While the typical Easter egg hunt is always fun, creating a treasure hunt can help your children learn and sharpen skills alongside the entertainment. For this activity, you'll still hide the Easter eggs for children to find, but you'll also create treasure maps and clues to help them in their hunt. If you have older children, you can engage them in helping with the maps and clues for the younger kids.
1. Engage your children's help in drawing maps of the treasure hunt area on large pieces of construction paper (without telling them where the hiding spots are, of course). You can hide the eggs outside in the yard, or inside if the weather isn't cooperating. Draw pictures or use photos to add specific landmarks to the map, such as a tree, shed, or piece of furniture.
2. Number the hiding spots for the eggs. If you'll have more than one child participating in the treasure hunt, you can make multiple maps with different eggs for each child to find. Draw arrows from the hiding spots to indicate which direction she should follow after finding each of the treasures.

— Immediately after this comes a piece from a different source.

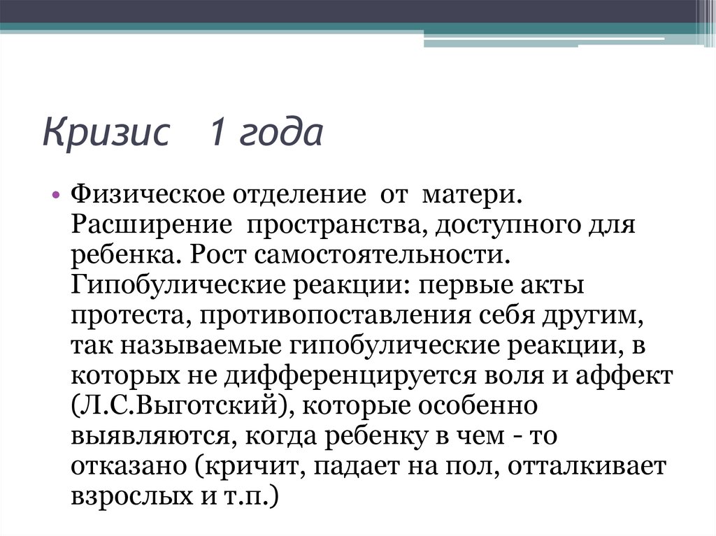Кризис 1 года• Физическое отделение от матери.
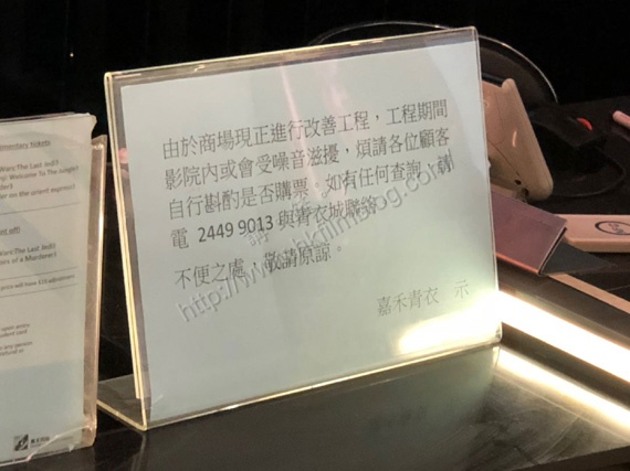 與此同時,該戲院票房亦貼上告示,指商場現正進行改善工程,影院內或會受噪音擾,觀眾需是行斟酌是否購票。

3. Create clues, and either write them on the map or use a separate sheet of paper for the clue lists. For example, the clue for the first hidden egg might be “Go to the tree,” or simply “Go to the” followed by a picture of a tree.
4. Give each child in the hunt an Easter basket to gather their treasures, and send them off! You can pair older children with the little ones to "help" them follow their map and clues.
Materials Required for Easter Activity:
- White or construction paper
- Pictures or photos (optional)
- Plastic Easter eggs filled with candy or coins
- Easter basket
This activity promotes a sense of family unity and working together, while helping children learn to follow directions, solve problems using skills, and even read maps.